Thirteen seniors took part in their final home game for the Kent State football team last Tuesday, but snow and apathy toward a then 3-7 team kept the fans away in droves.
Maybe the Flash football backers were just waiting for the final road game at Buffalo this Friday to show up and bid farewell to the seniors.
Really, it’s a shame because this class featured some of the most talented and consistent players in the history of the football program, not just quarterback Julian Edelman and a bunch of no-names.
The discussion needs to start with Edelman though, as the transfer from the College of San Mateo probably lit up more defenses and polarized more fans than any player in recent Mid-American Conference history. The scrambling specialist put a huge stamp on the Kent State record books, but could not lead the Flashes to a winning season in his three years.
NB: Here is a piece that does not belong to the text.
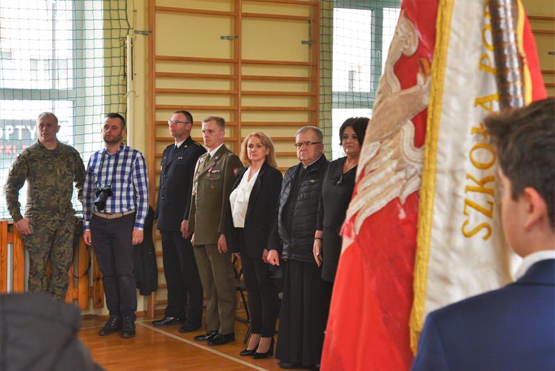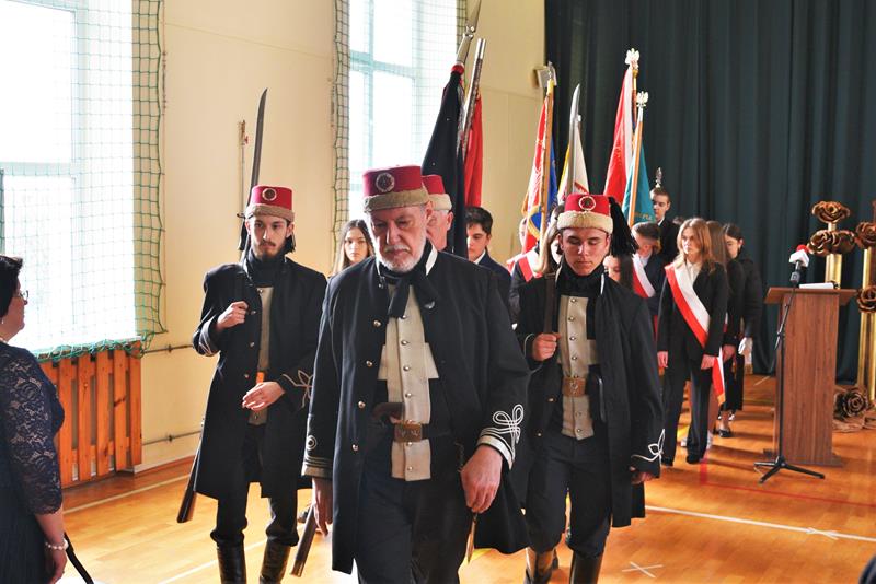 Następnie głos zabrała Pani Irena Sobieraj, starszy wizytator Kuratorium Oświaty w Kielcach także podkreśliła znaczenie tego wydarzenia oraz wskazała na istotne wartości odgrywające dużą rolę w kształceniu przyszłych pokoleń Polaków: patriotyzm, odpowiedzialność za losy ojczyzny, mądrość i szlachetność czynów. Przywołała również słynne słowa Stanisława Staszica, patrona szkoły: ,,Takie będą Rzeczypospolite, jakie młodzieży chowanie”.

Edelman almost single handily made Kent State a MAC contender in the 2006 season, leading the Flashes to a 6-6 record. Then in 2007 he played a key role in the program’s most impressive win in recent memory, a 23-14 victory at Iowa State, before lingering injuries either removed him from the lineup or made him ineffective.
By the start of his senior year, some fans and media members were wondering if the Flashes would be better off by starting sophomore Giorgio Morgan as quarterback.
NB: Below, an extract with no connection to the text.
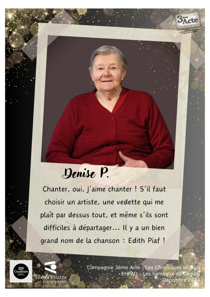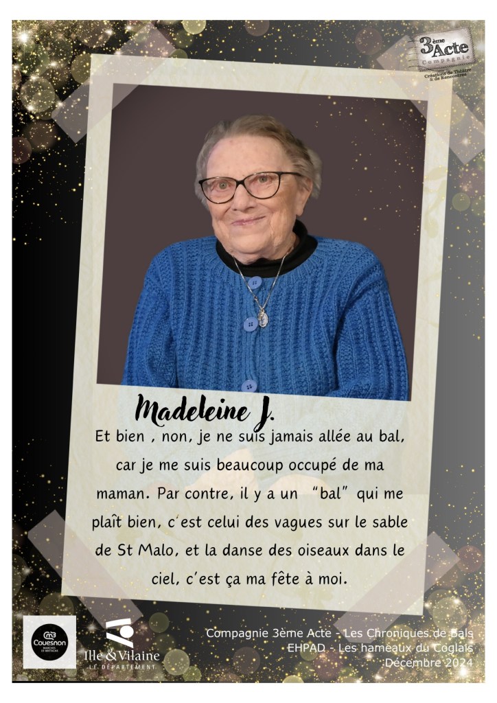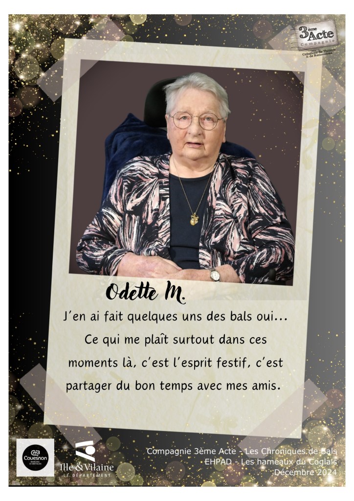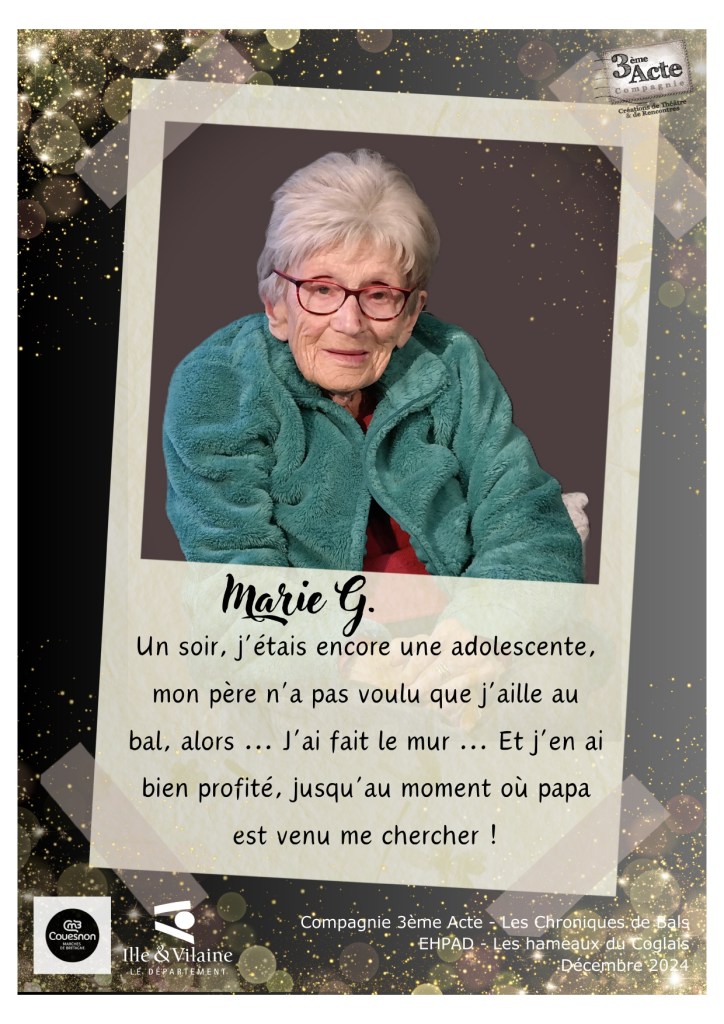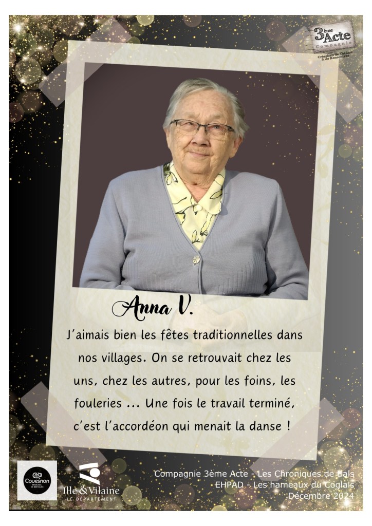 Ce reportage sonore auprès des résidents de l’EHPAD « Les Hameaux du Coglais » à Maen Roch a été réalisé par Catherine Vigneau en compagnie de Aurore Pôtel, en décembre 2024 dans le cadre de la résidence de territoire de la Cie 3ème Acte sur la communauté de commune de Couesnon Marches de Bretagne.

To put it simply, they were wrong. The Flashes recorded another losing season this year, but without Edelman the Flashes might not have won a game.
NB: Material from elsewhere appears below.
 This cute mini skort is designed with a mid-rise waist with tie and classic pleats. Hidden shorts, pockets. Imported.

Edelman’s performance this season was reminiscent of Al Rollins, the former Chicago Black Hawks’ goalie who won the Hart Trophy, given to the NHL’s most valuable player, despite playing for a team that went 12-51-7. Voters used the rationale that the Black Hawks would have been much worse without him.
Sure, the Flashes were never in contention this season, but in the two games they did win in the MAC, Edelman carried them. He sparked the offense of this team, and often made up for mediocre performances by the special teams and defensive units to keep the team in the game.
Edelman was not the only senior of note, even though he had the biggest impact on the team.
Senior wide receiver Shawn Bayes put together his best season this year, and often filled the role as the only wide out Edelman could trust. No other Flash could be trusted to catch and hold onto the ball.
Coach Doug Martin promised a talented group of young receivers will revitalize the position next season, but Bayes will still be missed.
The Flashes are not just losing an offensive explosion at quarterback and a steady wide receiver, but also three leaders on the defensive side of the ball: senior linebackers Derek Burrell and Cedrick Maxwell and senior cornerback Rico Murray.
Burrell and Maxwell exemplified two of Martin’s favorite football virtues: consistency and toughness.
Burrell leads the Flashes in solo and total tackles this season with 46 and 109 and recorded his second consecutive 100-tackle season this year. Martin often pointed to Burrell as a player who gave consistent effort every game.
Maxwell showed great heart, missing only two games with a broken shin, then returning to the Flashes’ defense. Originally, Martin thought he had lost Maxwell and sophomore linebacker Cobrani Mixon for at least six games if not the season, but both decided to return as early as possible.
Murray took over the leadership role in the secondary left vacant when former Flash Jack Williams was drafted by the Denver Broncos. Murray played solidly all season, leading the team in pass breakups with six.
No, the Flashes did not break through in the MAC this season like they were capable of. No, they did not finally put a tradition of losing out of their minds and keep unforced mistakes to a minimum.
Instead Kent State fans could once again start off every game by guessing what stupid mistake would cost the team the game this time.
The senior leaders were one of the few groups that never let the Flashes down. Even when it became clear this season would not be the year, they still plugged away, hoping they could set an example of what this team and program could be.